Your copy of the data should leave out the images and match everything else exactly.

[[ GIVEN MATERIAL, beginning ]]

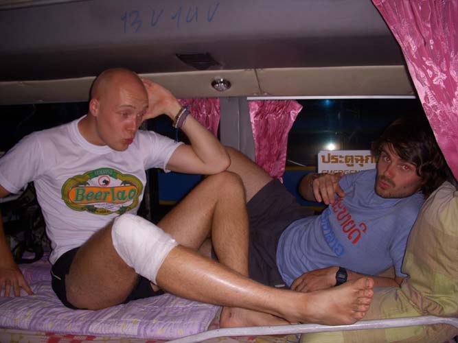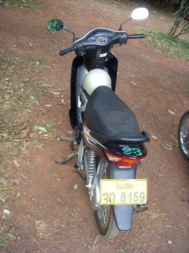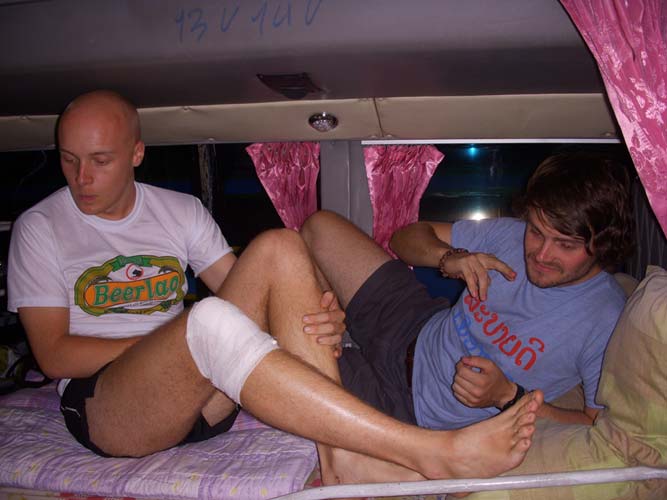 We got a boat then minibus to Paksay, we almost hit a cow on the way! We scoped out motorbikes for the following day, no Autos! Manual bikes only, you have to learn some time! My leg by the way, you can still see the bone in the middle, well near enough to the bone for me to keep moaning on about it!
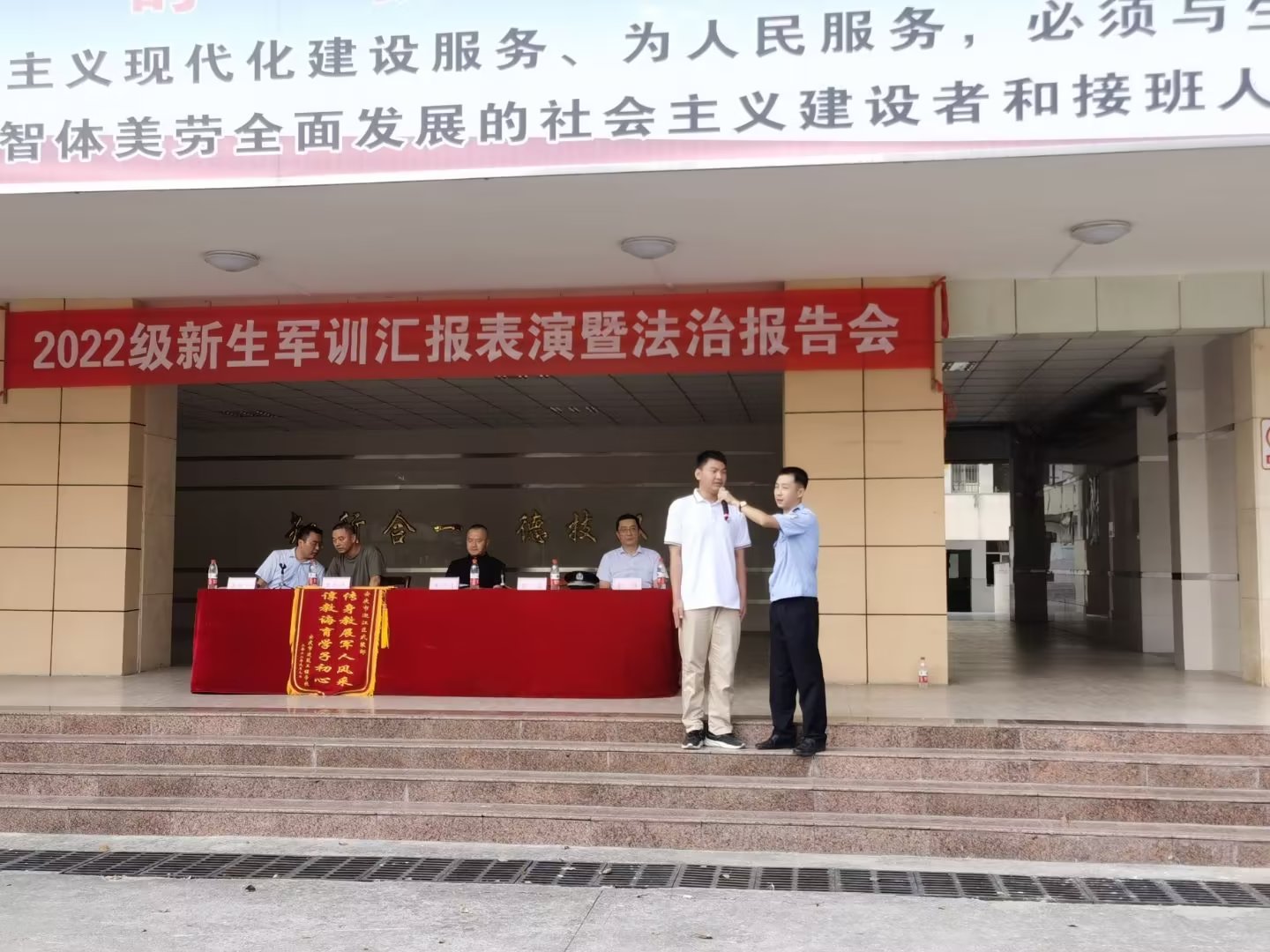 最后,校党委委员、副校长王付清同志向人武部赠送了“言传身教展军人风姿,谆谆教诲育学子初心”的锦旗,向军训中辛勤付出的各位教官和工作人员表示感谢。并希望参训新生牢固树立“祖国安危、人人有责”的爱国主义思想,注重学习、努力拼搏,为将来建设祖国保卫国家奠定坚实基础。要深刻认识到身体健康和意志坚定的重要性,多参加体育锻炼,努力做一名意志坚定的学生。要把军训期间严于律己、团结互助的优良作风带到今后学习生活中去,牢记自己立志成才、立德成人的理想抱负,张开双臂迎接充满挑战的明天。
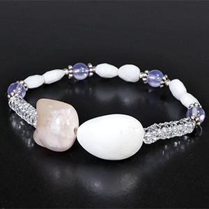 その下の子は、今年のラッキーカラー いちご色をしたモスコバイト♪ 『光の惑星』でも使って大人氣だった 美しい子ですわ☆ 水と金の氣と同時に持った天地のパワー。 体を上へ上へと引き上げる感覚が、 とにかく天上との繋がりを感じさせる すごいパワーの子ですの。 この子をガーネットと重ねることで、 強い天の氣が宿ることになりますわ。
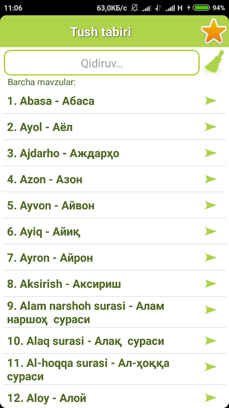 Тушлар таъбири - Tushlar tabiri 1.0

[[ GIVEN MATERIAL, end ]]

■ EXERCISE SOLUTION:
 We got a boat then minibus to Paksay, we almost hit a cow on the way! We scoped out motorbikes for the following day, no Autos! Manual bikes only, you have to learn some time! My leg by the way, you can still see the bone in the middle, well near enough to the bone for me to keep moaning on about it!
 最后,校党委委员、副校长王付清同志向人武部赠送了“言传身教展军人风姿,谆谆教诲育学子初心”的锦旗,向军训中辛勤付出的各位教官和工作人员表示感谢。并希望参训新生牢固树立“祖国安危、人人有责”的爱国主义思想,注重学习、努力拼搏,为将来建设祖国保卫国家奠定坚实基础。要深刻认识到身体健康和意志坚定的重要性,多参加体育锻炼,努力做一名意志坚定的学生。要把军训期间严于律己、团结互助的优良作风带到今后学习生活中去,牢记自己立志成才、立德成人的理想抱负,张开双臂迎接充满挑战的明天。
 その下の子は、今年のラッキーカラー いちご色をしたモスコバイト♪ 『光の惑星』でも使って大人氣だった 美しい子ですわ☆ 水と金の氣と同時に持った天地のパワー。 体を上へ上へと引き上げる感覚が、 とにかく天上との繋がりを感じさせる すごいパワーの子ですの。 この子をガーネットと重ねることで、 強い天の氣が宿ることになりますわ。
 Тушлар таъбири - Tushlar tabiri 1.0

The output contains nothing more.